Evaluation of the optimal schemes for O3-NOx-VOC sensitivity utilizing regridding TROPOMI observations

The ratio of formaldehyde (HCHO) to nitrogen dioxide (NO2) column density observed by satellites has been widely utilized to probe O3-NOx-VOC sensitivity. Numerous studies have proposed threshold schemes based on this ratio to delineate NOx-limited and VOC-limited regimes. However, a critical question remains unresolved that which threshold scheme is optimal. This research employs Guangdong Province as a demonstration area. Leveraging TROPOMI-observed HCHO and NO2 column density, we developed an O3-NOx-VOC sensitivity threshold evaluation model, which is used to assess several internationally reported threshold schemes and to investigate the evolution of O3-NOx-VOC sensitivity thresholds in Guangdong Province, potentially identifying the optimal threshold. Prior to model execution, uncertainties in satellite observations were reduced using a self-developed TROPOMI level-2 pixel regridding algorithm. Evaluation results reveal that the J20 threshold scheme demonstrated superior performance in Guangdong Province compared to other schemes. Between 2019 and 2021, the optimal threshold for the NOx-limited regime in Guangdong Province was approximately 3.6, while the optimal threshold for the VOC-limited regime was around 2.0. Determining the optimal thresholds necessitates careful consideration of sample number. As a demonstration application, we diagnosed O3-NOx-VOC sensitivity in Guangdong Province from 2019 to 2021 based on J20 scheme.

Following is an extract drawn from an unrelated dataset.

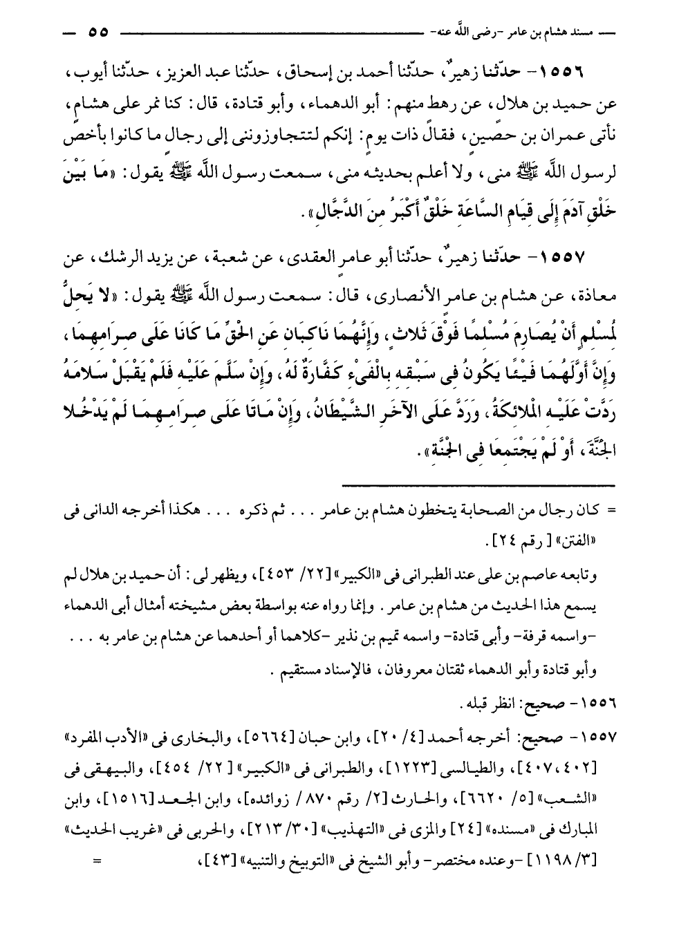 ١٥٥٧ - حدّثنا زهيرٌ، حدّثنا أبو عامرٍ العقدى، عن شعبة، عن يزيد الرشك، عن معاذة، عن هشام بن عامرٍ الأنصارى، قال: سمعت رسول الله - صلى الله عليه وسلم - يقول: "لا يَحِلُّ لمُسْلِمٍ أَنْ يُصَارِمَ مُسْلِمًا فَوْقَ ثَلاثٍ، وَإِنَّهُمَا نَاكبَانِ عَنِ الْحقِّ مَا كَانَا عَلَى صِرَامِهِمَا، وَإِنَّ أَوَّلَهُمَا فَيْئًا يَكُونُ فِي سَبْقِهِ بِالْفَىْءِ كَفَّارَةٌ لَهُ، وَإِنْ سَلَّمَ عَلَيْهِ فَلَمْ يَقْبَلْ سَلامَهُ رَدَّتْ عَلَيْهِ الملائِكَةُ، وَرَدَّ عَلَى الآخَرِ الشَّيْطَانُ، وَإِنْ مَاتَا عَلَى صِرَامِهِمَا لَمْ يَدْخُلا الجُنَّةَ، أَوْ لَمْ يَجْتَمِعَا فِي الجَنَّةِ".

Research shows FNR in Guangdong exhibits a distinct monthly periodicity, peaking in July to September and bottoming in December to January. At the urban scale, FNR distribution is centered on developed areas such as Guangzhou and Shenzhen, increasing outward with an obvious annular distribution. The aerosol-ozone sensitivity relationship is complex, and raise in PM2.5, PM10, and SO2 tend to lower FNR, driving O3-NOx-VOC sensitivity to shift towards VOC-limited regimes. Compared to 2019, the year 2020 saw the highest proportion of shift from the transitional regimes to the NOx-limited regimes, while the most frequent transition in 2021 was from the NOx-limited regimes to the transitional regimes.